У онтологической вины есть следующие характеристики: во-первых, каждый разделяет ее. Никому из нас не удается избежать искажения реальности существования других людей. Никто из нас не может полностью осуществить свой потенциал. Каждый из нас всегда находится в диалектических отношениях со своим потенциалом. Эту ситуацию ярко иллюстрирует сон пациента Босса, где этот человек был растянут между испражнениями и колокольней. Во-вторых, онтологическая вина не исходит из культурных запретов или усвоения культурных норм. Она коренится в факте самоосознания. Онтологическая вина – это "не я-виновен-потому-что-я-нарушил-запреты-родителей". Она возникает из того факта, что я могу воспринимать себя как того, кто способен или не способен выбирать. Каждое развитое человеческое существо имело эту онтологическую вину, хотя ее содержание различалось в зависимости от той или иной культуры, которая оказывает на вину большое влияние.
В-третьих, онтологическую вину не следует путать с болезненной или невротической виной. Если ее не принимать и вытеснять, то она может превратиться в невротическую вину. Как невротическая тревога является результатом не принятой нами нормальной онтологической тревоги, так же и невротическая вина есть следствие избегания онтологической вины. Если человек может осознать и принять ее (как впоследствии сделал пациент Босса), то его вина не будет болезненной или невротической. В-четвертых, онтологическая вина не приводит к образованию симптомов, она оказывает конструктивное влияние на личность. Особенно она может и должна вести к человечности, к усилению чувствительности в межличностных отношениях и к увеличению творческих возможностей по использованию своего потенциала.
III. БЫТИЕ-В-МИРЕ
Другим важным и имеющим серьезные последствия вкладом экзистенциальных терапевтов является понимание человека-в-его-мире. По моему мнению, по своей значимости оно уступает только анализу бытия. Эрвин Страус пишет: "Чтобы понять компульсивность человека, сначала мы должны понять его мир". Безусловно, это верно как для всех типов пациентов, так же и для всех человеческих существ. Бытие вместе означает совместное бытие в одном мире, а знание означает знание в контексте этого самого мира. Мир данного конкретного пациента должен быть понят изнутри, он должен быть познан и рассмотрен настолько глубоко, насколько это возможно, с точки зрения того, кто в нем существует. Бинсвангер писал: "Мы, психиатры, уделяем слишком много внимания отклонениям наших пациентов от жизни в общем для всех нас мире вместо того, чтобы в первую очередь сосредоточиться на собственных или частных мирах пациентов, что впервые стал систематически делать Фрейд".
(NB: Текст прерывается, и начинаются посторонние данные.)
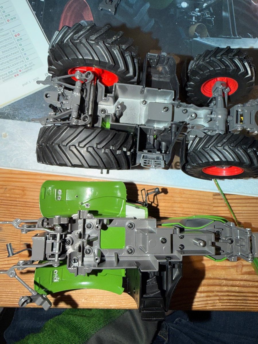 Ich hatte die Idee, dass Fendt eventuell den neuen 9er bei Wiking platziert. Die Bohrlöcher der Kabine passen aber wohl nicht 1:1 aufeinander…

Проблема заключается в том, как мы должны понимать мир другого человека. Этот мир нельзя понять ни как внешнее сочетание объектов, наблюдаемых нами со стороны (в таком случае мы никогда не сможем действительно понять его), ни с помощью чувственного отождествления (в этом случае наше понимание не принесет никакой пользы, так как мы не сможем сохранить реальность нашего собственного существования). Действительно трудная дилемма! Следовательно, требуется такой подход к миру, который вырежет "раковую опухоль" – традиционную субъектно-объектную дихотомию.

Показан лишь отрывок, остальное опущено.